Thank you all for your suggestions which I have tried:

1. I have upgraded the firmware: now on 1.44.2z (Dec13 2002).
2. I have confirmed that both the PPTP and IPSec passthrough are enabled on the Linksys
3. I have tried getting my XP desktop to forward traffic to the laptop as described, (but my understanding of this is for inbound traffic rather than sessions initiated internally and therefore really designed if I was running the VPN server internally on my network at home - Please correct me if I am wrong though). I have also (in line with this suggestion) set the Linksys to forward the same ports as specified in a LinkSys knowledge base article.

But it still doesnt work and I get the same server not responding error. Any other suggestions before I need to start getting into network sniffer territory (something I dont know an aweful lot about)?

 

[sydlow]

Pete

Email me at sydney_harlow@yahoo.com with your phone number. I will give you a call (if you want) to help you.

 

[John Lewis]

Duh! The answer is in your first post, just overlooked the obvious (maybe). You didn't say if you could connect to the internet when you connect your laptop to your home network. (Won't mention that I didn't ask.) I am guessing that you can't. If you can, kinda eliminates the easy route, but post back and we'll try again.

Do you change your 'default gateway' when you move from plugged into the modem to the network? When plugged into the modem, your default gateway should be set to your ISP's gateway (possibly by the ISP through DHCP). When you plug into your home network, your gateway should be set to ip of your desktop that is handling ICS/NAT. If you move around often, it would be possible to set up a batch file to automate the process.

Hope I'm on the right track this time. Post back and let me know. Good luck!

 

[Pete999]

Sorry, its not that easy. When I am connected internally I can access the internet fine from the laptop, and my girlfirend who uses a different VPN solution from her laptop to her company can VPN out successfully.

I did try running a network sniffer yesterday during an attempted connection (without really knowing what I was looking for), but I could see a UDP outbound connection to the VPN address on Port 500. There were then a number of frames being sent and received from the desktop but nothing else getting back to the laptop.

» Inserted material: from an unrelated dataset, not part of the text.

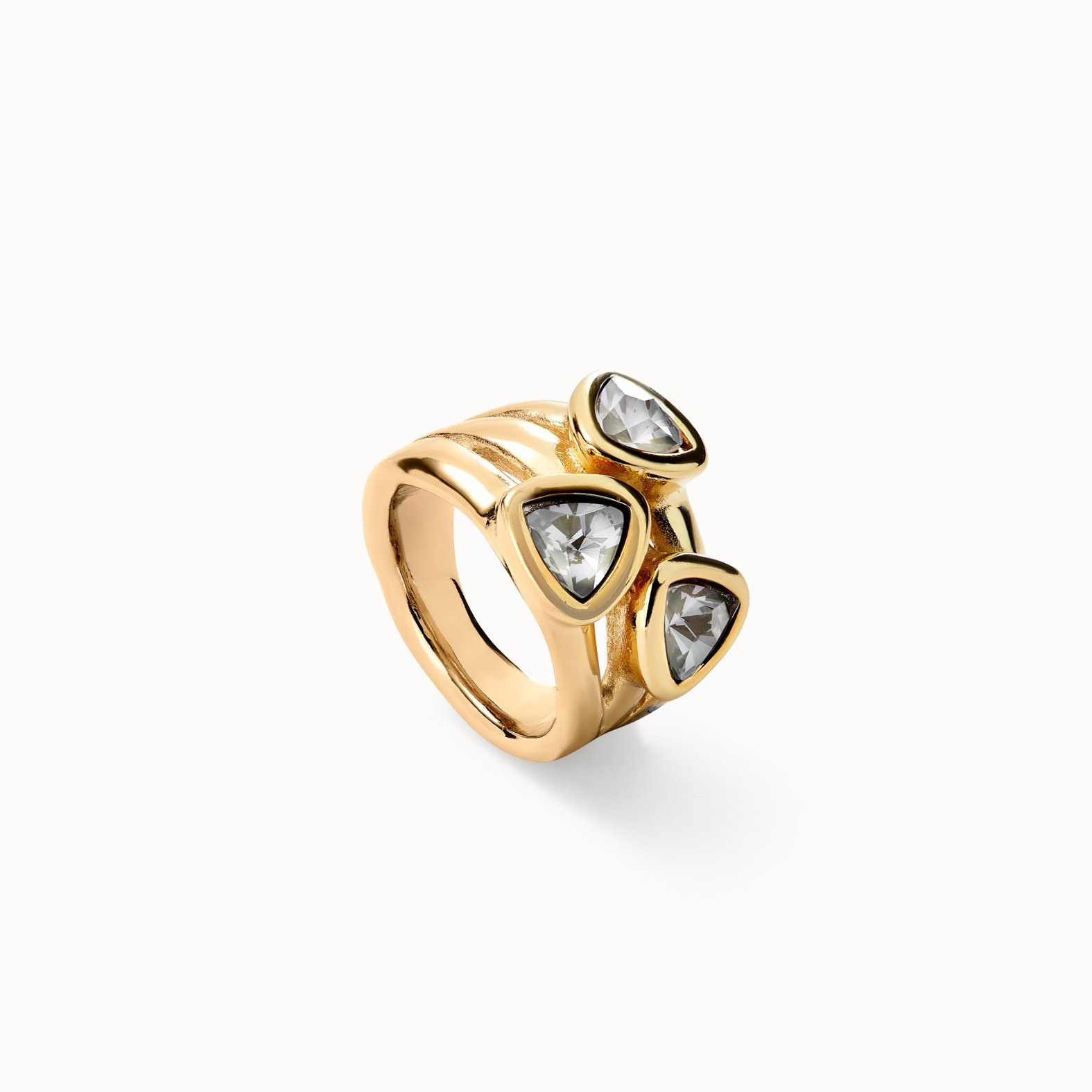 ANILLO CHAPADO 5 MICRAS ORO 3 CRISTALES AZULES CLAROS. SER CAMALEÓNICA

I also noticed that I have a second (virtual) network adapter specified on my laptop, its a: Nortel IPSECSHM Adapter - Packet Scheduler MiniPort. (wasnt sure if that might help)

 

[gfloyd]

There is a known issue with the Linksys, Contivity and NAT.
You need to check with your VPN admin to see if he is using NAT Traversal. Normally this is on port 10001 and is available on Contivity Server version 4.5 and later. This is not the client. It is set on server side IPSec Groups.
IPSec does not like NAT since it changes the IP header. The industry recognized this and make changes to fix this with NAT Traversal.

 

[sandy71]

I have problem connecting to my VPN through the router. I can connect to my VPN through the modem but not through the NETGEAR router. Through the router I can connect to the internet but not to my VPN. My wife has no problem connecting to her VPN through the router. We both use XP on our laptops. Prior to using XP I used to be able to logon to the VPN using my router. I was wondering if you have an answer to this problem yet.

Thanks

 

[Pete999]

I am sorry to say that I have not been able to resolve this problem - perhaps it is down to the NAT traversal issue described by GFloyd or perhaps it is something else. If anyone finds a resolution to a similar problem then I would be very keen to hear about it.